A few contributors raised the issue of the purpose of the ATS. Julian Ku expressed disappointment that the parties did not offer a persuasive theory of the purpose of the ATS. Meir Feder asked whether the ATS addresses national or universal interests. In a similar vein, Beth Stephens discussed how to define a coherent limit on ATS cases, and argued that the devil is in the details. Thomas Lee argued that the real purpose of the ATS was about protecting safe conducts and not about piracy or ambassadorial infringements, as is often assumed.

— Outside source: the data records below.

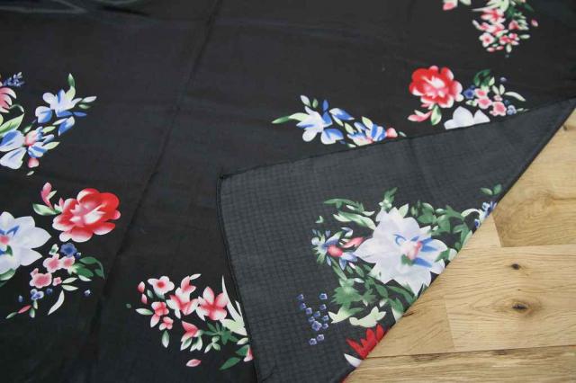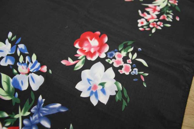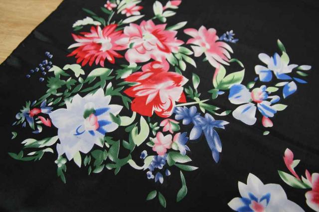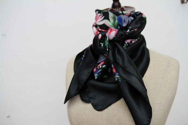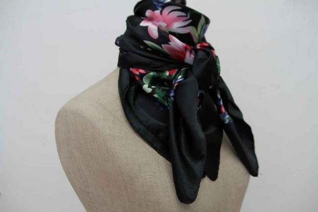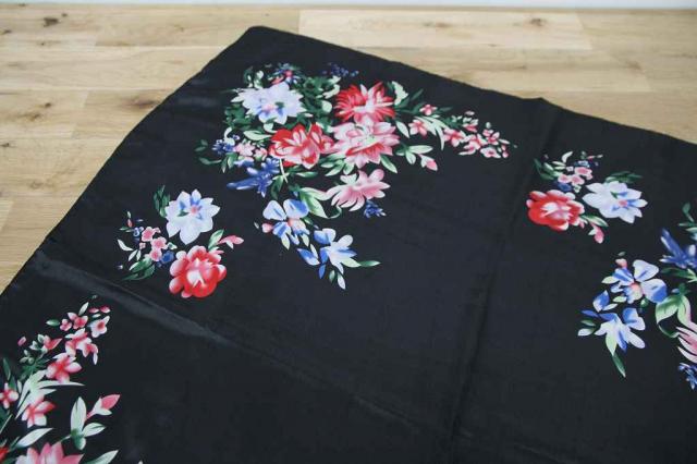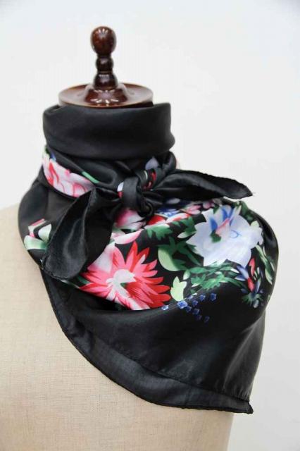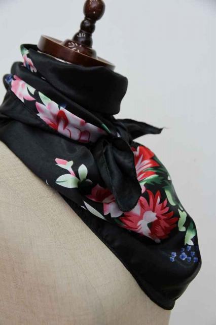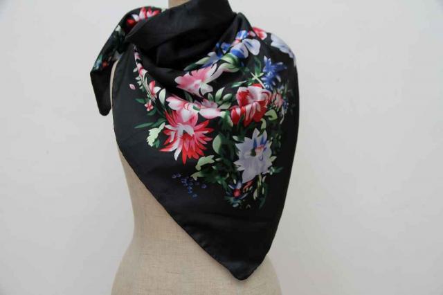 ヨーロッパから届いたヴィンテージのスカーフです。タグを見ると中国製のものです。黒地に可憐なお花がデザインされています。艶やかな雰囲気がとてもエレガント。レトロアイテムをファッションに取り入れてみませんか?
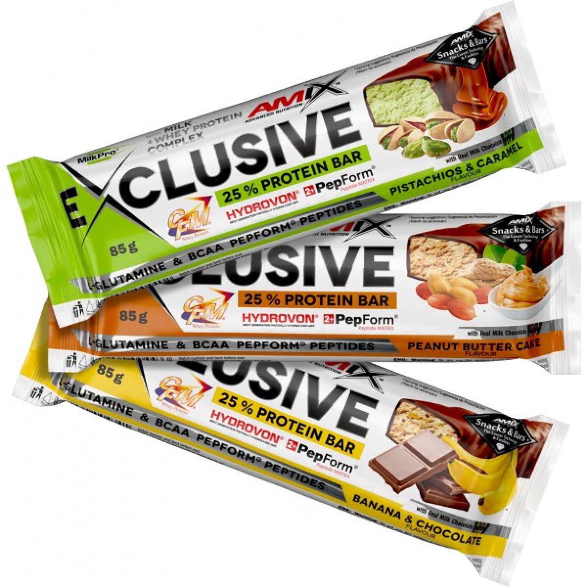 - MilkPro® Protein Blend 19,6 % [mléčný proteinový izolát, CFM syrovátkový proteinový izolát a koncentrát, částečně hydrolyzovaný syrovátkový proteinový izolát - HydroVon®, hydrolyzované syrovátkové peptidy PepForm® (L-glutamin, BCAA)], mléčná čokoláda 15 % (cukr, kakaové máslo, sušené plnotučné mléko, kakaová hmota, kakaový prášek, emulgátory sójový lecitin a E 476, vanilkový extrakt, aroma), plnidlo polydextróza, hydrolyzované hovězí peptidy Hydrobeef™, sójový proteinový izolát, fruktóza, rostlinný tuk (palmojádrový olej, palmový a bambucký olej), zvlhčovadlo glycerol, glukóza, sušené odtučněné mléko, 3,9 % kousky banánu (banánové pyré, koncentrované hruškové pyré, koncentrovaná citronová šťáva, fruktózo-glukózový sirup, zvlhčovadlo glycerol, cukr, pšeničná vláknina, želírující látka pektin), zvlhčovadlo sorbitol, 2,5 % křupinky s kakaem (rýže, pšeničná mouka, cukr, kakaový prášek), emulgátor sójový lecitin, čištěná voda, regulátor kyselosti kyselina citronová, aroma, chlorid sodný, antioxidant směs tokoferolů D
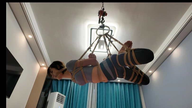 晓倩被驷马捆绑在地上,用滑轮组慢慢的升起,绳子勒嘴,最后把脸部还勒出血印子,最大口球堵嘴,再用胶带粘在口球外面,流出来的口水沾满一脸,再用丝袜勒嘴,一套下来,把晓倩全身绑出莎来了,折磨的浑身酸软
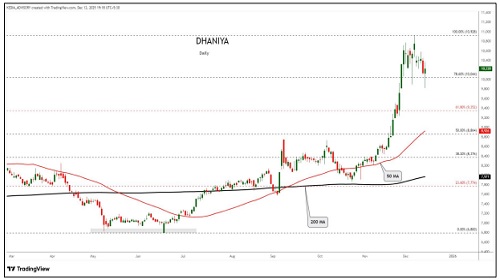 Dhaniya dropped on profit booking after prices seen supported as Dhaniya sowing seen at 102,947 hectares down by 0.80%.
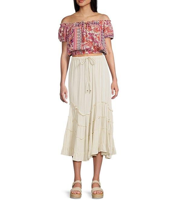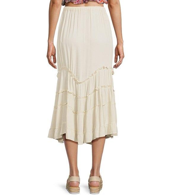 Angie Tie Front Ruffle Midi Skirt
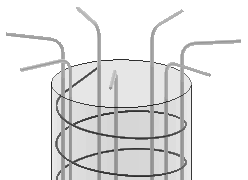 Poteau en béton rond avec des fers principaux droits dépassant du poteau ou complètement à l'intérieur du poteau. Cadres séparés. Le haut du poteau est ferraillé. |

Doug Cassel argued that the Supreme Court should only require the prior exhaustion of foreign and international remedies “in ATS cases brought exclusively under universal jurisdiction, and not in ATS suits against US companies”. He added that any exhaustion requirement should respect the exceptions recognized by international law.

Aside from our Kiobel posts, Kevin wrote about the passing of historian Eric Hobsbawn. Ken Anderson reposted part of Gary Bass’ review of John Witt’s book “Lincoln’s Code“, discussed Aryeh Neier’s call for a no-fly zone over Syria, and examined the differences between the targeted killing of Anwar al-Awlaki and the landmark case of Reid v CovertJulian discussed reports that the US is preparing a retaliatory military strike into Libya over the killing of Ambassador Stevens, and posted about the refusal by the Japanese PM to submit the Senkaku/Diaoyu dispute to the ICJ. Finally, Duncan Hollis posted about a recent decision by the Nevada Supreme Court to implement the ICJ’s Avena judgment, despite there being no requirement to do so, as the US Supreme Court held in Medellin v. Texas.

As always, we also brought you a list of upcoming events and our weekday news wraps.

Many thanks to our guest contributors and have a great weekend!